▶ [Exercise objective]
Give the data below again exactly, and drop each picture from it.
· · · ·
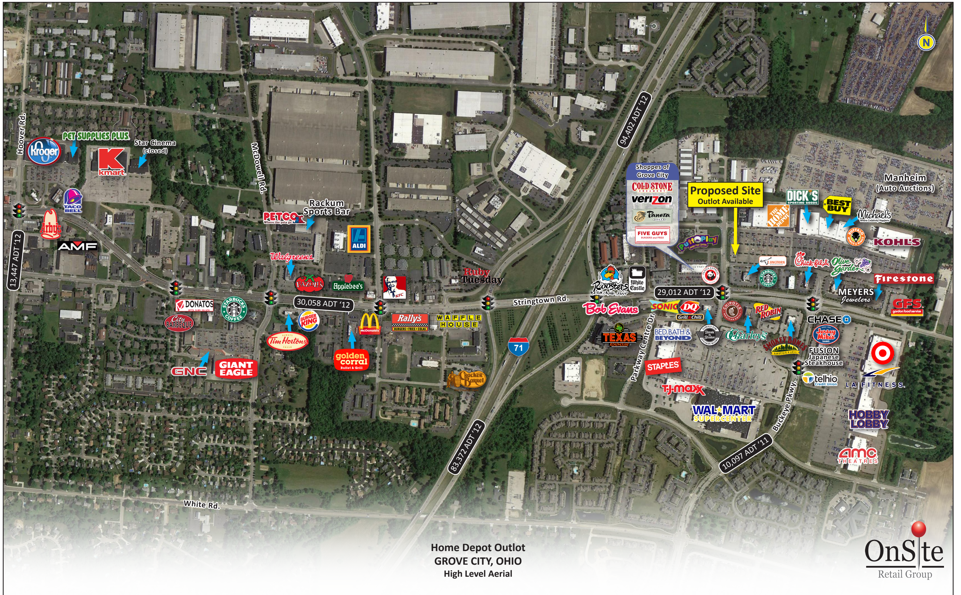
Home Depot Outlot GROVE CITY, OHIO High Level Aerial
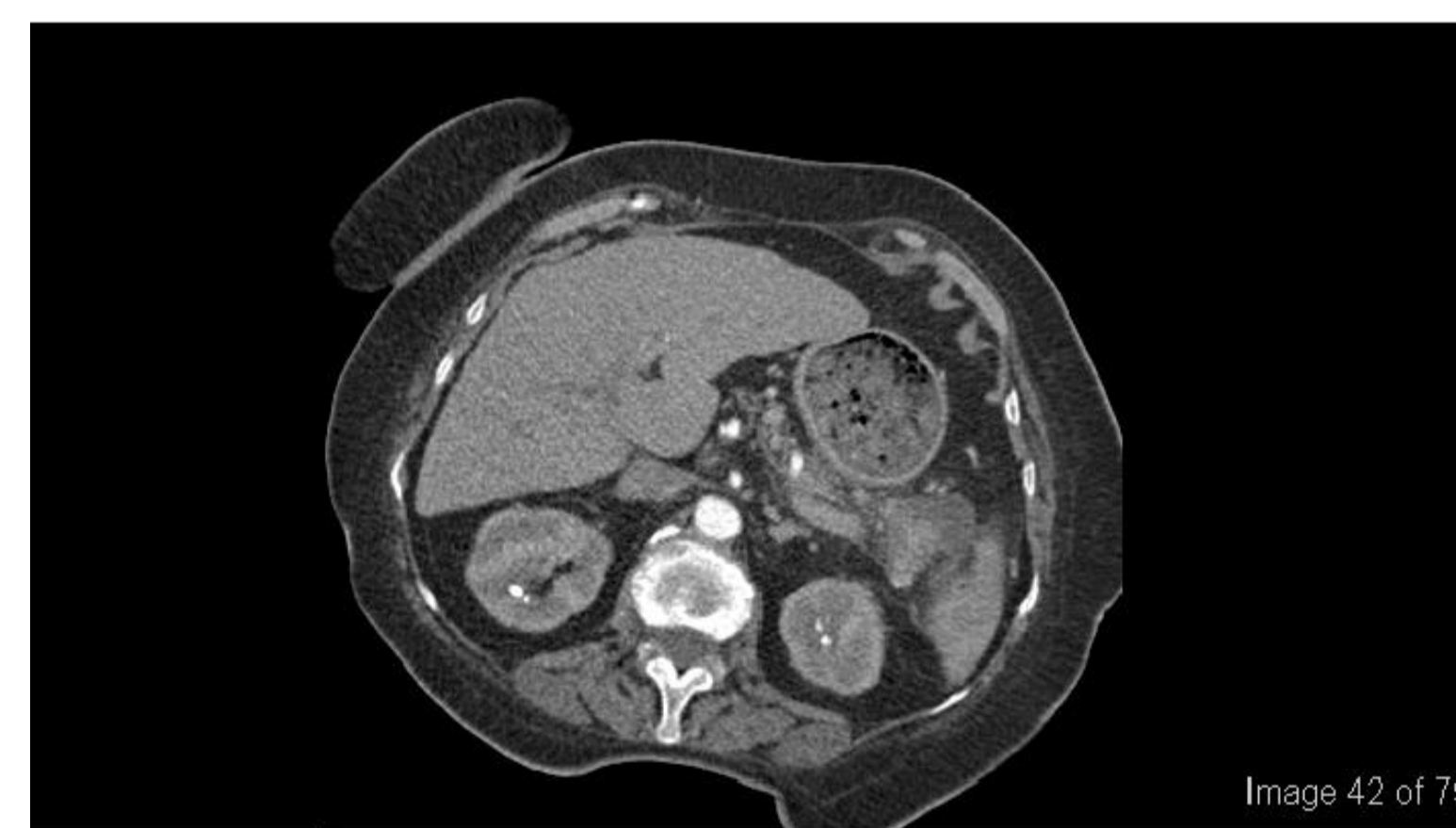
CT of abdomen revealing a pancreatic pseudocyst.
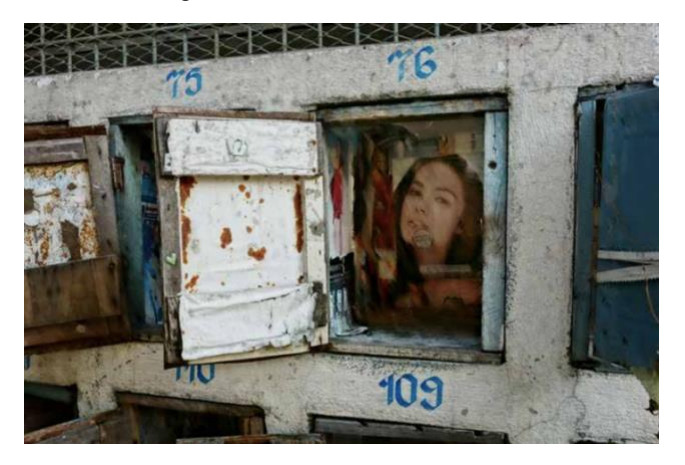
Empty locker at the abandoned women's prison in Chiang Mai, Thailand, in 2014.

Institute, has less than half a meter (1.5 feet) width of floor space for each incarcerated woman.<sup>658</sup> Incarcerated women often develop back and leg pain because they must sleep without moving onto their sides.<sup>659</sup>
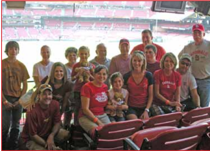
Gathering with friends and family at the ball game
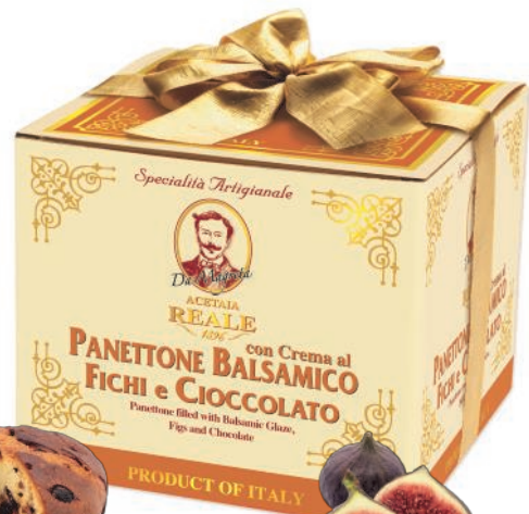
Leonardi - Fig, Chocolate & Balsamic Cream Panettone 750g x 6 LE3060
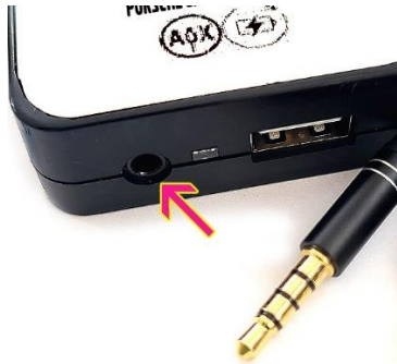
Fig. 4 3.5mm jack
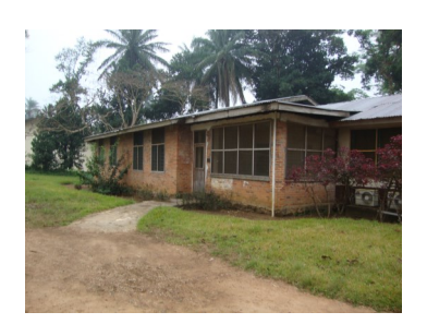
Ganta Guest House c. 2014

An acre of land would hold 50-60 palm trees. They grow in rich tropical soil that does not need watering except when in a nursery. The trees take three to five years to begin bearing bunches and the bunches increase overtime while ripening and harvesting are done yearround.
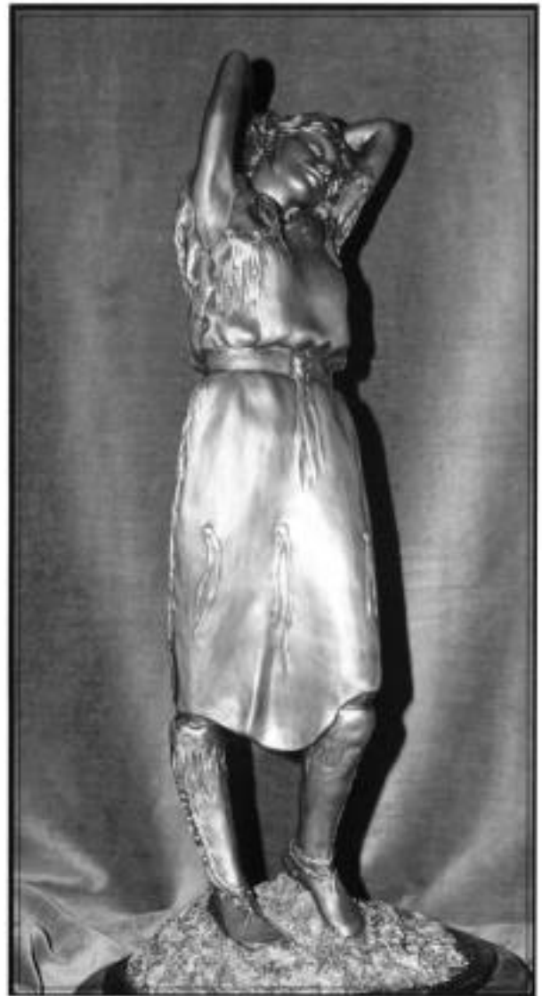
"The Bride," 26 inches tall, bronze
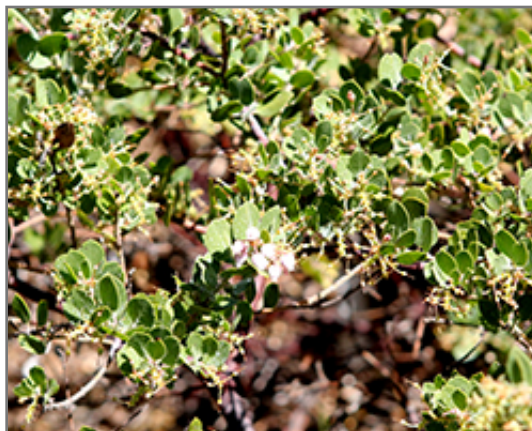
Big Sur Manzanita foliage
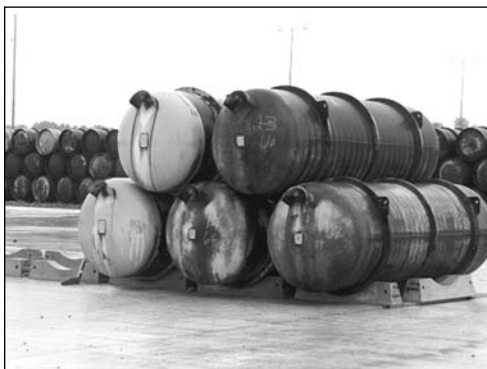
Depleted Uranium Hexafluoride cylinders at Portsmouth.

The OIG initiated an audit to determine if the Department had performed a cost-benefit analysis and implemented the most cost-effective approach to converting depleted uranium hexafluoride to a more stable form at the Portsmouth Gaseous Diffusion Plant. Our audit found that the Department performed a cost-benefit analysis in May 2005 which showed that adding an additional conversion line to the Portsmouth facility could save about $60 million. Yet, the Department had not taken steps to implement this cost-effective approach. We determined that, if
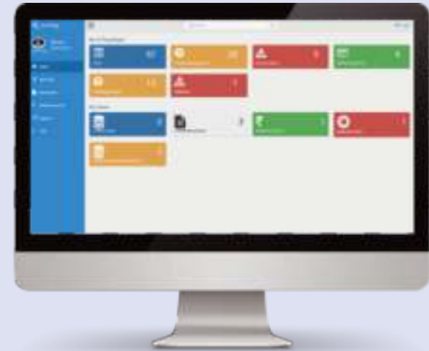
Fig 6 Registered User e-filing status page (Dashboard)
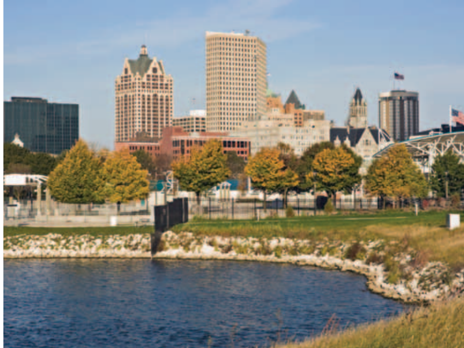
Milwaukee, Wisconsin. The cost of importing coal is a drain on Wisconsin's economy, which relies heavily on coal-fired power. Investments in energy efficiency and homegrown renewable energy can help stimulate the economy by redirecting funds into local economic development—funds that would otherwise leave the state.

We Energies, the state's largest provider of electricity services, purchased $313 million in coal imports—about 30 percent of the state's total, and more than any other Wisconsin power producer. The utility's Pleasant Prairie facility, in Kenosha County, is also the most import-dependent power facility in Wisconsin, having spent $127 million in 2008.
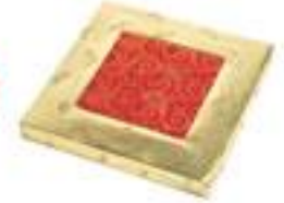
No. 140 Size : 10 x 10
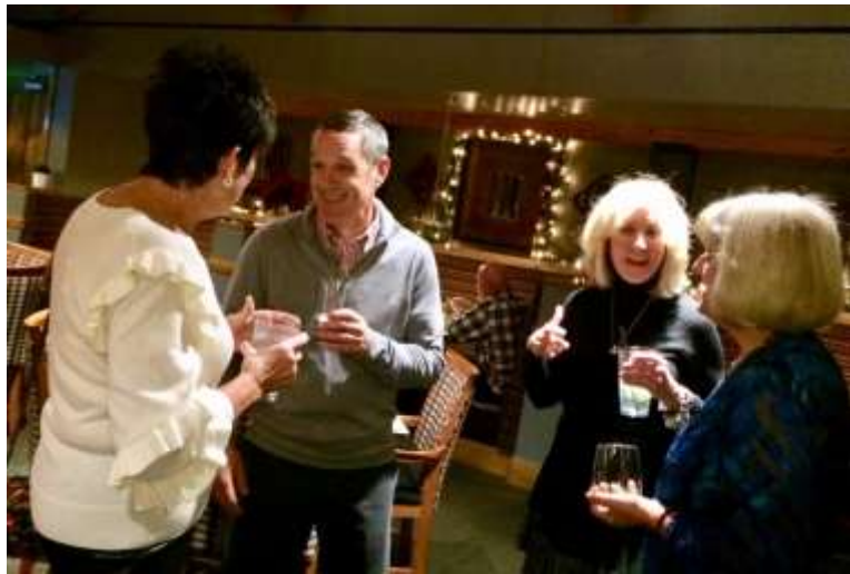
Snapshots of the Holiday ...HO HO HO
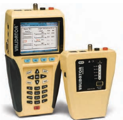
Validator and smart remote
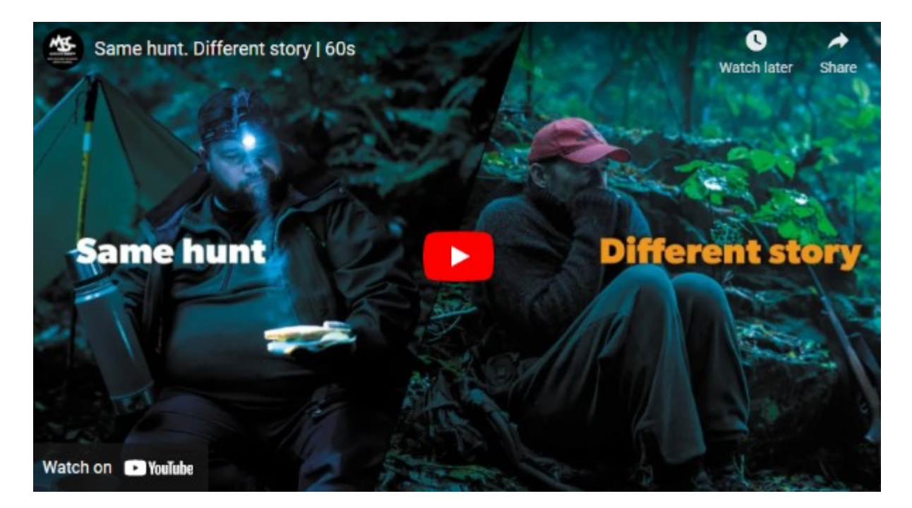
Click above to watch the full video.
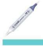
Copic Sketch Marker BG53 ICE MINT...
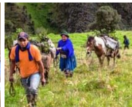
MP member wins sustainability award
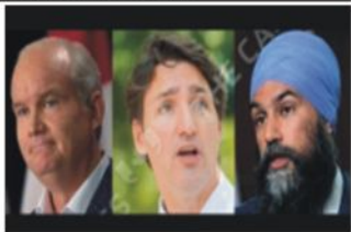
Singh said he would have sped up evacuations and made the paperwork process simpler for Canadian allies wanting out of Afghanistan. "The process that Justin Trudeau had put in place required people filling out an online form," he said. "It was complicated, it was bureaucratic. When we've got an imminent humanitarian crisis, that is not the way to respond."

Singh paid tribute to Layton and his legacy and then took aim at Liberal Leader Justin Trudeau's response to the situation in Afghanistan. Choosing his words carefully, Singh said he wondered if the timing of Trudeau's election call has inhibited Canada's ability to help its allies in a country through which chaos since it fell to the Taliban this
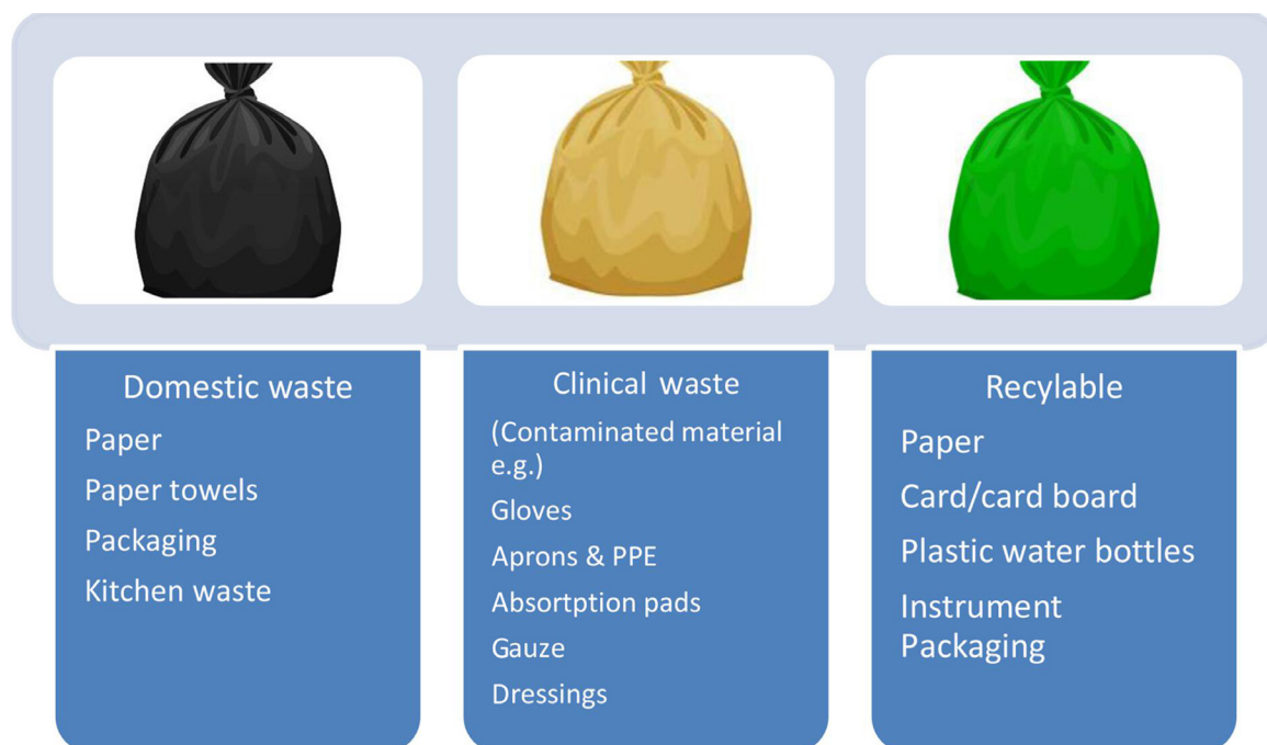
Figure 1 Examples of sorting waste streams (depending on local policy). PPE, personal protective equipment.

legislation involving recycling of contaminated medical waste. 12
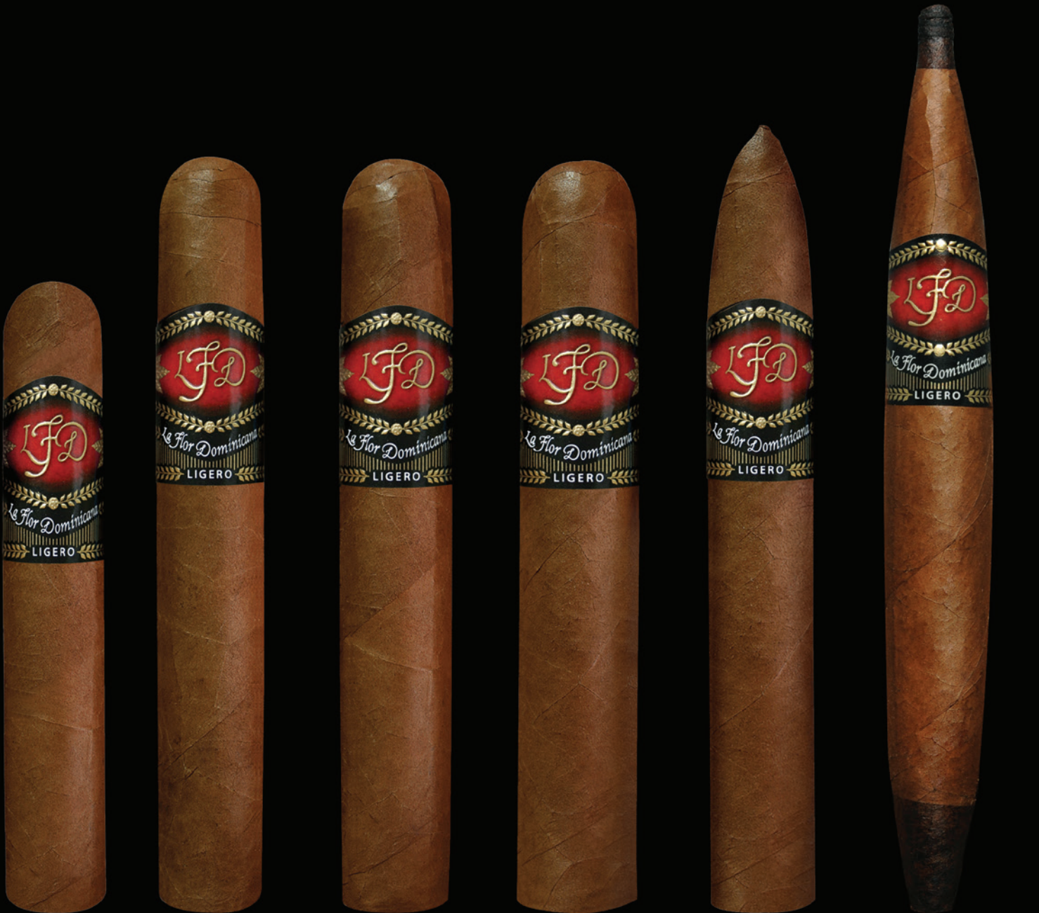
L 250 48 x 4 3/4
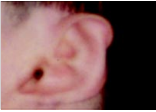
Fig 2. Ear abnormalities

delayed eruption of the permanent dentition and mandibular retrognathism. An absence of lower permanent central incisors was also described in one case. Harrison et al <sup>8</sup> reported two cases of solitary maxillary central incisor in children with CHARGE association. Grimm et al <sup>9</sup> reported taurodontism of the pulp chambers of the primary molars in a child with CHARGE association. This report describes the dental clinical findings in a child with CHARGE association.
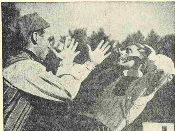
Members of the Danish gym team who are performing in the Willamette gymnasium tonight.

The Danish gymnasts, whose ages range from 18 to 24, will stay in campus living organizations tonight. The men and women travel by car and a truck carries their equipment. Cost for the entire trip will be paid by proceeds from performances.
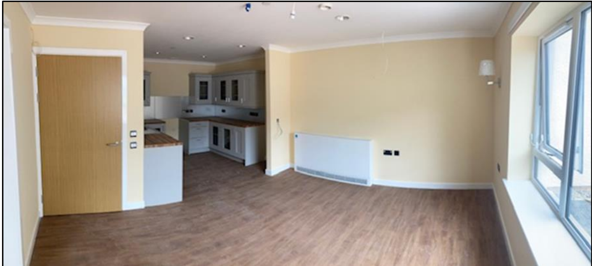
Housing with Extra Care – Living area within flat
· · · ·
▶ [Finished exercise]
Home Depot Outlot GROVE CITY, OHIO High Level Aerial
CT of abdomen revealing a pancreatic pseudocyst.
Empty locker at the abandoned women's prison in Chiang Mai, Thailand, in 2014.

Institute, has less than half a meter (1.5 feet) width of floor space for each incarcerated woman.<sup>658</sup> Incarcerated women often develop back and leg pain because they must sleep without moving onto their sides.<sup>659</sup>
Gathering with friends and family at the ball game
Leonardi - Fig, Chocolate & Balsamic Cream Panettone 750g x 6 LE3060
Fig. 4 3.5mm jack
Ganta Guest House c. 2014

An acre of land would hold 50-60 palm trees. They grow in rich tropical soil that does not need watering except when in a nursery. The trees take three to five years to begin bearing bunches and the bunches increase overtime while ripening and harvesting are done yearround.
"The Bride," 26 inches tall, bronze
Big Sur Manzanita foliage
Depleted Uranium Hexafluoride cylinders at Portsmouth.

The OIG initiated an audit to determine if the Department had performed a cost-benefit analysis and implemented the most cost-effective approach to converting depleted uranium hexafluoride to a more stable form at the Portsmouth Gaseous Diffusion Plant. Our audit found that the Department performed a cost-benefit analysis in May 2005 which showed that adding an additional conversion line to the Portsmouth facility could save about $60 million. Yet, the Department had not taken steps to implement this cost-effective approach. We determined that, if
Fig 6 Registered User e-filing status page (Dashboard)
Milwaukee, Wisconsin. The cost of importing coal is a drain on Wisconsin's economy, which relies heavily on coal-fired power. Investments in energy efficiency and homegrown renewable energy can help stimulate the economy by redirecting funds into local economic development—funds that would otherwise leave the state.

We Energies, the state's largest provider of electricity services, purchased $313 million in coal imports—about 30 percent of the state's total, and more than any other Wisconsin power producer. The utility's Pleasant Prairie facility, in Kenosha County, is also the most import-dependent power facility in Wisconsin, having spent $127 million in 2008.
No. 140 Size : 10 x 10
Snapshots of the Holiday ...HO HO HO
Validator and smart remote
Click above to watch the full video.
Copic Sketch Marker BG53 ICE MINT...
MP member wins sustainability award
Singh said he would have sped up evacuations and made the paperwork process simpler for Canadian allies wanting out of Afghanistan. "The process that Justin Trudeau had put in place required people filling out an online form," he said. "It was complicated, it was bureaucratic. When we've got an imminent humanitarian crisis, that is not the way to respond."

Singh paid tribute to Layton and his legacy and then took aim at Liberal Leader Justin Trudeau's response to the situation in Afghanistan. Choosing his words carefully, Singh said he wondered if the timing of Trudeau's election call has inhibited Canada's ability to help its allies in a country through which chaos since it fell to the Taliban this
Figure 1 Examples of sorting waste streams (depending on local policy). PPE, personal protective equipment.

legislation involving recycling of contaminated medical waste. 12
L 250 48 x 4 3/4
Fig 2. Ear abnormalities

delayed eruption of the permanent dentition and mandibular retrognathism. An absence of lower permanent central incisors was also described in one case. Harrison et al <sup>8</sup> reported two cases of solitary maxillary central incisor in children with CHARGE association. Grimm et al <sup>9</sup> reported taurodontism of the pulp chambers of the primary molars in a child with CHARGE association. This report describes the dental clinical findings in a child with CHARGE association.
Members of the Danish gym team who are performing in the Willamette gymnasium tonight.

The Danish gymnasts, whose ages range from 18 to 24, will stay in campus living organizations tonight. The men and women travel by car and a truck carries their equipment. Cost for the entire trip will be paid by proceeds from performances.
Housing with Extra Care – Living area within flat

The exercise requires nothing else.